▶ **DATA SECTION**:
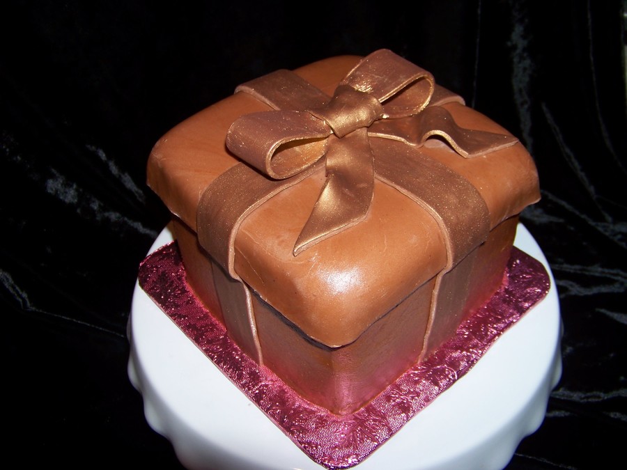 this was for my sons co-worker. He ordered it just because. (nice guy) Chocolate cake with chocolate filling and fondant ribbon and for the lid we just covered the cake with a piece of fondant.
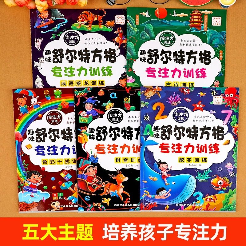 全套5册舒尔特方格专注力训练3到6岁以上提高注意力一年级二年级小学生益智书籍趣味游戏书培养孩子耐心抗干扰能力练习册教材12岁
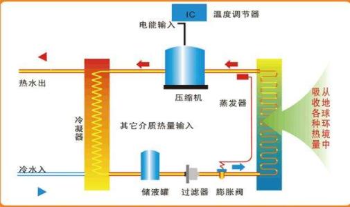 了解更多+空氣源熱泵熱水機組是借助一小部分電能驅動壓縮機通過熱泵蒸發器從空氣中收集熱量,通過冷媒吸熱氣化壓縮后形成高溫高壓氣體,在通過冷凝器“搬運”到水中釋放熱量。
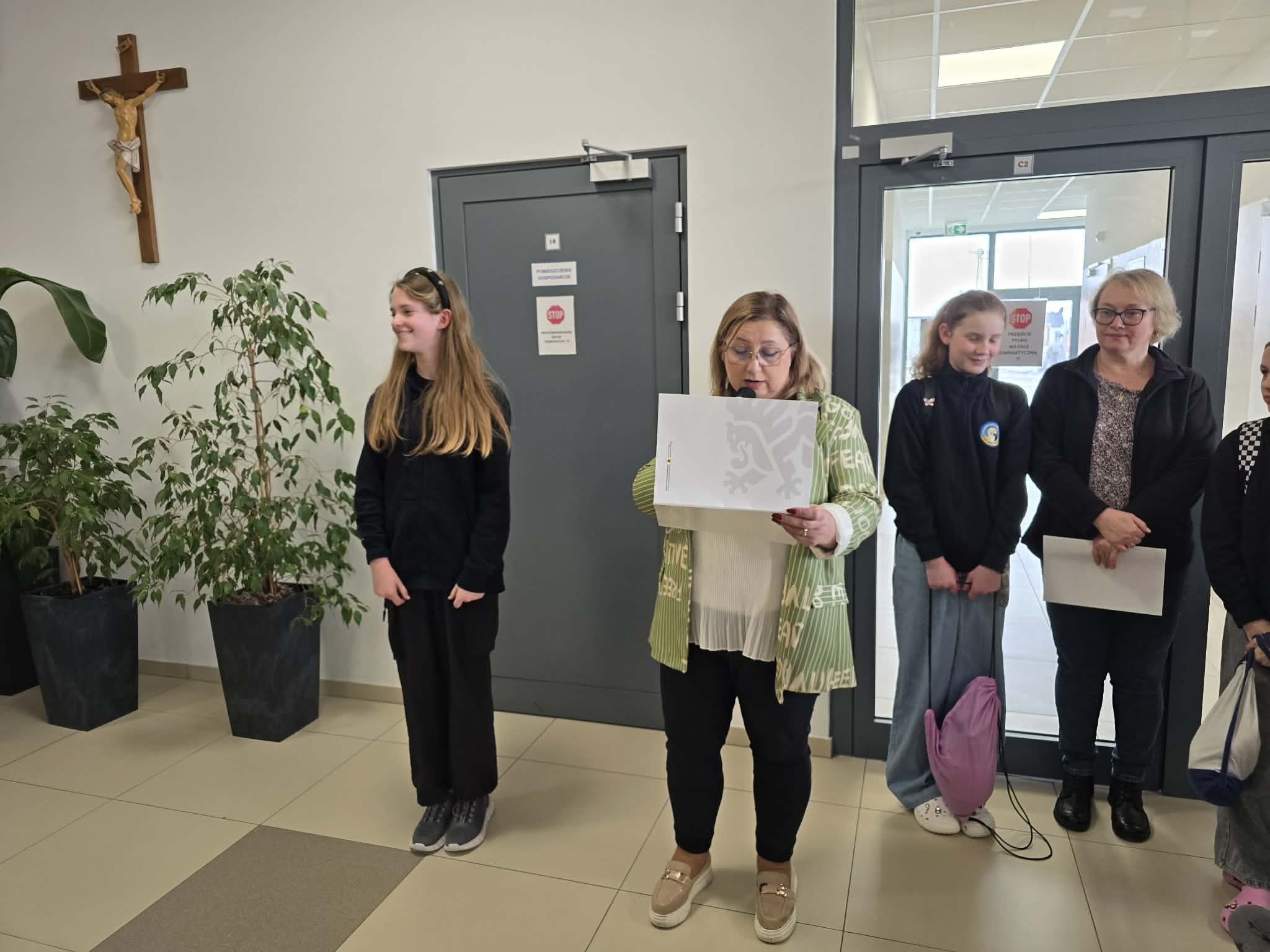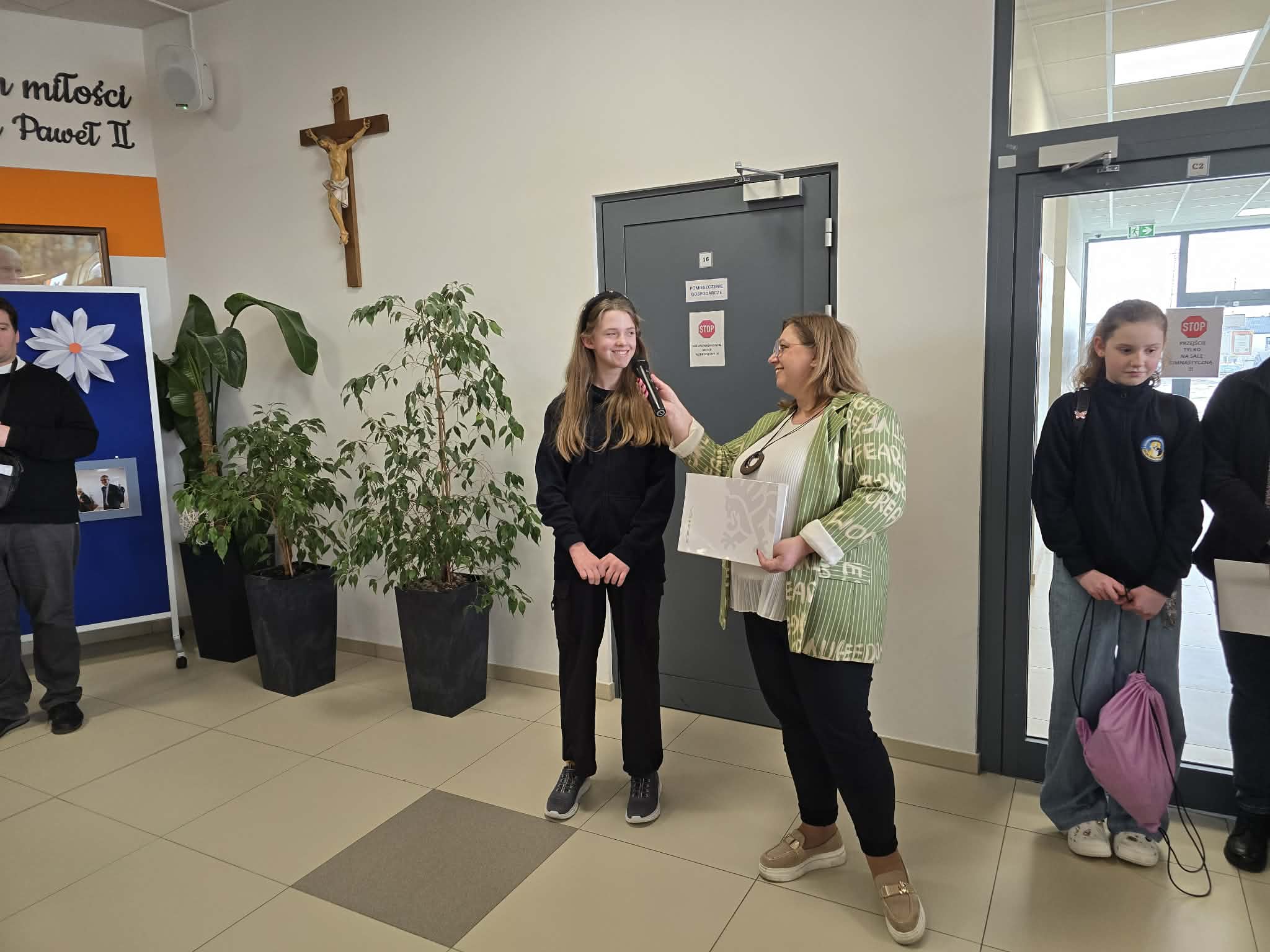 Dziś, po przerwie modlitewnej, odbyło się uroczyste wręczenie dyplomu oraz nagrody. Był to wyjątkowy moment, w którym cała społeczność szkolna mogła pogratulować Suzanne jej sukcesu i wspólnie cieszyć się z tego wyróżnienia.

▶ **WHAT IS BEING ASKED**:
Copy out the listing exactly as it stands, but not the pictures.

▶ **FINAL ANSWER**:
 this was for my sons co-worker. He ordered it just because. (nice guy) Chocolate cake with chocolate filling and fondant ribbon and for the lid we just covered the cake with a piece of fondant.
 全套5册舒尔特方格专注力训练3到6岁以上提高注意力一年级二年级小学生益智书籍趣味游戏书培养孩子耐心抗干扰能力练习册教材12岁
 了解更多+空氣源熱泵熱水機組是借助一小部分電能驅動壓縮機通過熱泵蒸發器從空氣中收集熱量,通過冷媒吸熱氣化壓縮后形成高溫高壓氣體,在通過冷凝器“搬運”到水中釋放熱量。
 Dziś, po przerwie modlitewnej, odbyło się uroczyste wręczenie dyplomu oraz nagrody. Był to wyjątkowy moment, w którym cała społeczność szkolna mogła pogratulować Suzanne jej sukcesu i wspólnie cieszyć się z tego wyróżnienia.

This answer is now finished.